Laparoscopic colorectal cancer surgery
Laparoscopic colorectal cancer surgery
General overview
Diagnosis of malignant cancer is a tremendous burden to anybody. It’s with utmost importance to get adequate treatment and support as soon as possible. Colorectal cancer is a cancer of the bowels. A multidisciplinary team of gastroenterologist, oncologist, radiologist, surgeon should work together to best manage those cases.
From surgical point of view, there was a substantial change towards minimal invasive techniques over the years and now almost all cancer patients can benefit from it. Laparoscopic surgery /also known as keyhole surgery/ is now the gold standard in colorectal cancer surgical care and all patients should be offered it over conventional open surgery, unless an exclusion criteria exists.
The benefits of laparoscopic surgery are:
- significantly less pain
- quicker return of bowel functions
- decreased blood loss
- quicker and easier mobilization
- less chance of wound infection
- less chance of abdominal wall hernia
- shorter hospital stay
- smaller scars, better cosmetics
Preparation for surgery
In preparation for surgery, a prehabilitation program should bring patients in the best possible condition. As part of it, psychological support from the surgeon has an important role. Patients should be well aware of what and why and how will happen, so they can make a well backed, informed decision.
Nutrition: healthy, nutrious food rich in protein, energy, vitamins should be consumed - tailored to patient’s needs eg, diabetes, obesity. Proportionate physical exercise will prepare the cardiovascular and respiratory system (heart and lungs), will modify the metabolic state for good and will boost the immune system. In my opinion, effect of such holistic approach is as important in successful outcome of an operation as surgery itself.

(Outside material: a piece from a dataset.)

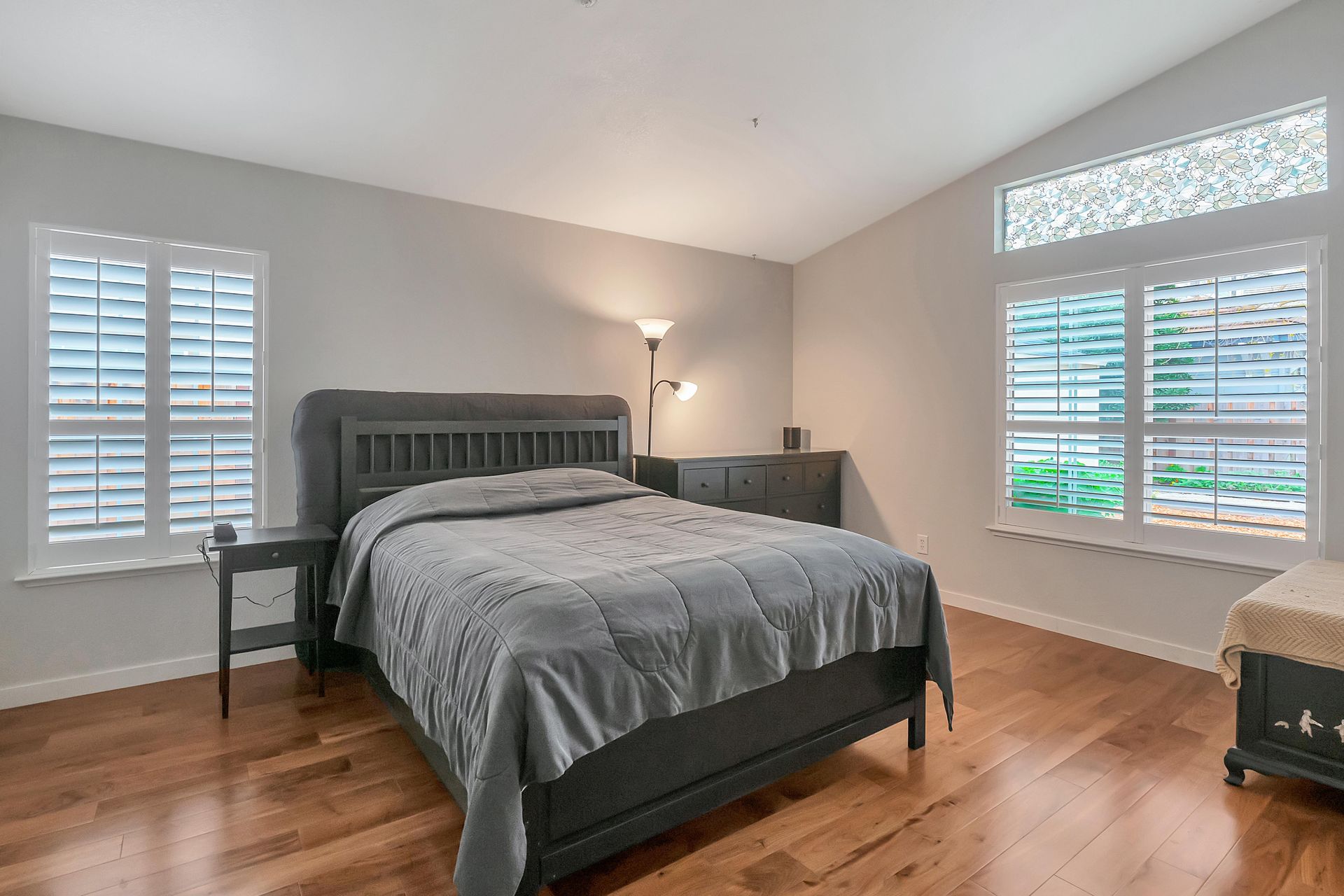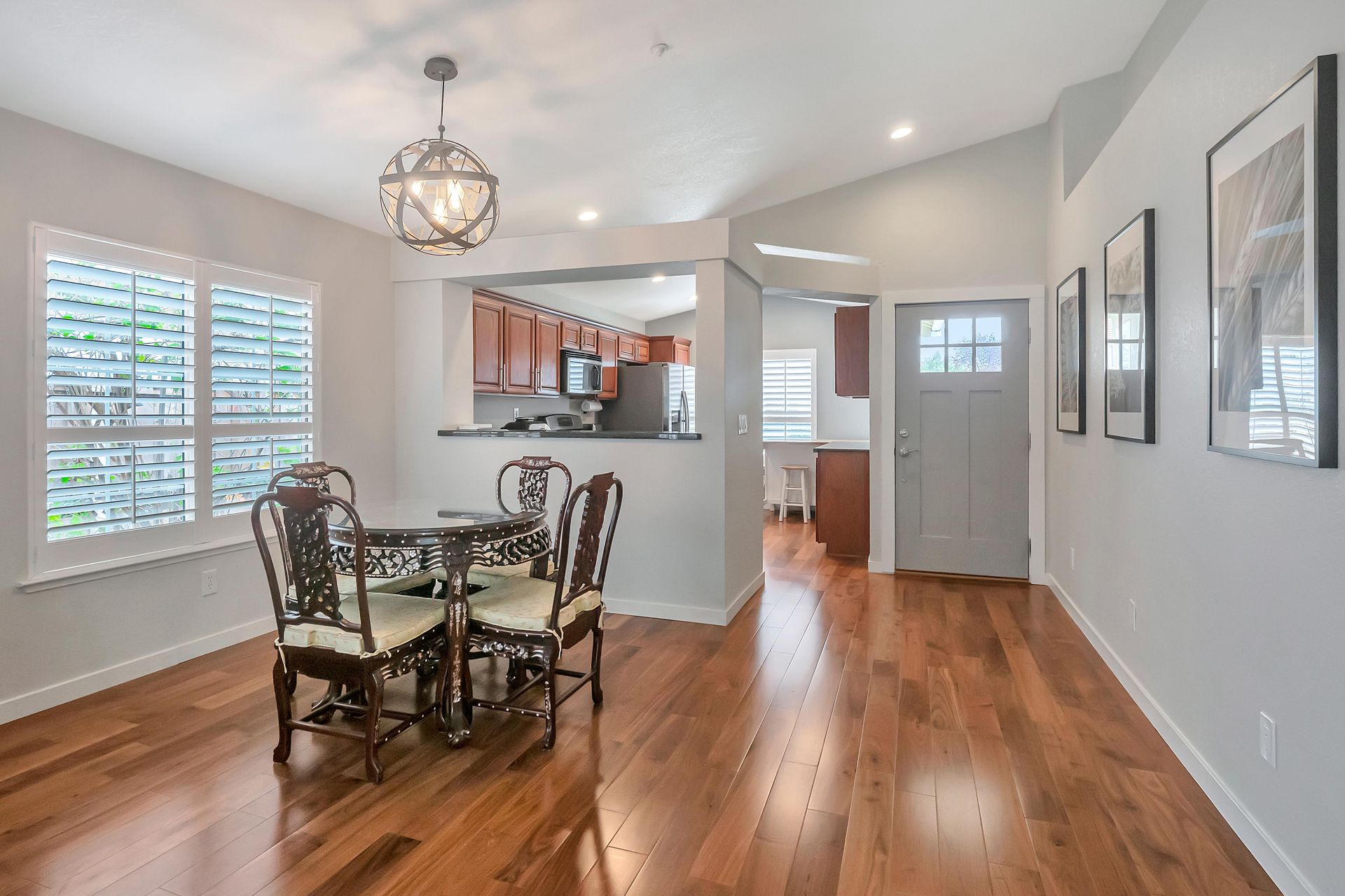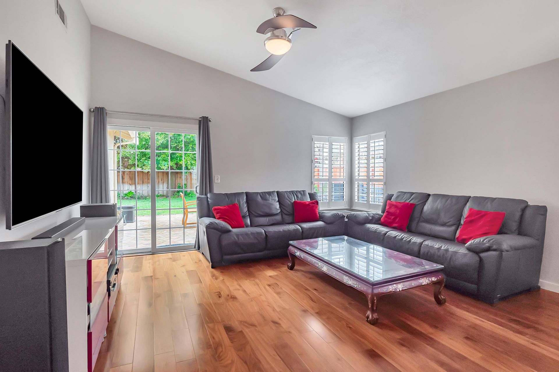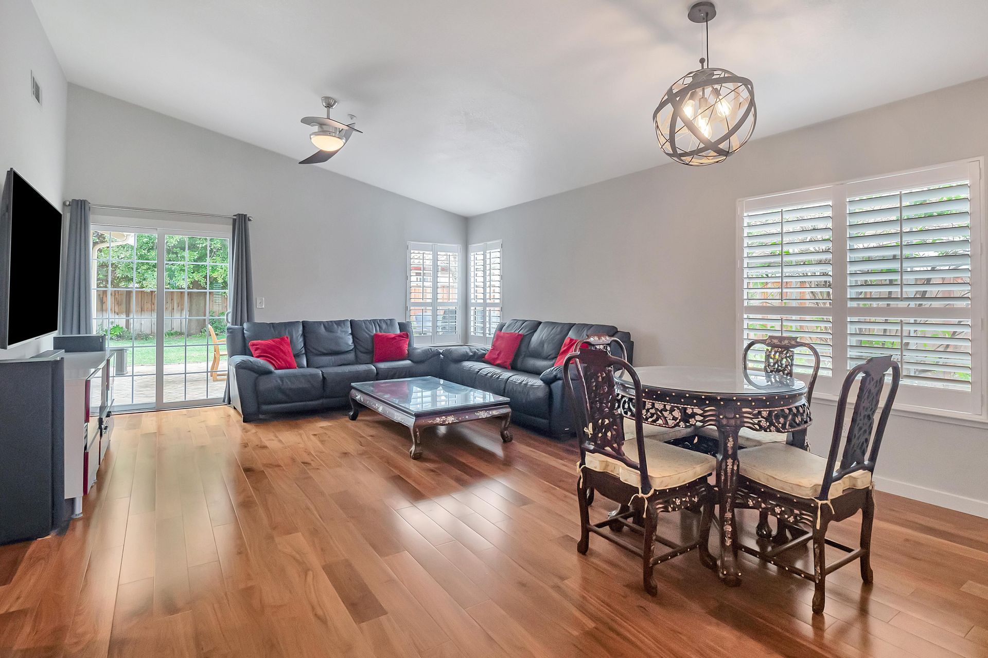 Gorgeous home inside and out. Spacious open concept living and newer beautiful wood floors. Updated kitchen has granite counters, a gas stove and stainless-steel appliances. Other features include washer/dryer, updated primary bath, plantation shutters throughout, updated light fixtures with all LED lights, parking pad for three cars, side yard access, newer concrete walkway in back and side yard, natural gas BBQ, two storage sheds and lush gardens including peach tree, plum tree, and so much more. Conveniently located close to major tech companies, restaurants, entertainment, parks and schools, as well as quick easy access to freeways. Don't miss this opportunity!

Expected sequence of events according to my practice
- day -2 oral antibiotic, liquid food
- day -1 admission to ward, oral antibiotic, oral bowel prep, iv fluid, oral clear fluid, carbohydrate loading
- day 0 iv antibiotic, carbohydrate loading, surgery, iv fluid, protein-energy drink, mobilization
- day 1 mobilization, liquid food+protein energy drink
- day 2 possible discharge home. If not, same as day 1
- day 3 usual day of discharge
How the surgery is performed
The operation performed through 3 or 4 small incisions (0.5-1.5cm) and the cancer is removed from the abdomen through a 6-10cm incision, called minilaparotomy.
The cancer with a segment of bowel and adjacent lymph nodes will be taken and the free ends of bowels are joined together with stitches or surgical stapler to restore continuity.
To minimize pain, epidural anesthesia and local anesthesia applied besides general anesthesia. In line with Early Recovery After Surgery protocols, early mobilization is encouraged and patients can resume oral feeding on the day of surgery.
In case of rectal cancer, a diverting stoma - end of bowel through which bowel content can empty into a bag attached onto the abdominal wall- is sometimes needed, but most often temporary. Need for a stoma can well be predicted and will be discussed beforehand.
The removed cancer will be sent for pathological examination. The result will establish the exact diagnosis, stage of disease, will guide further management and can predict long term outcome.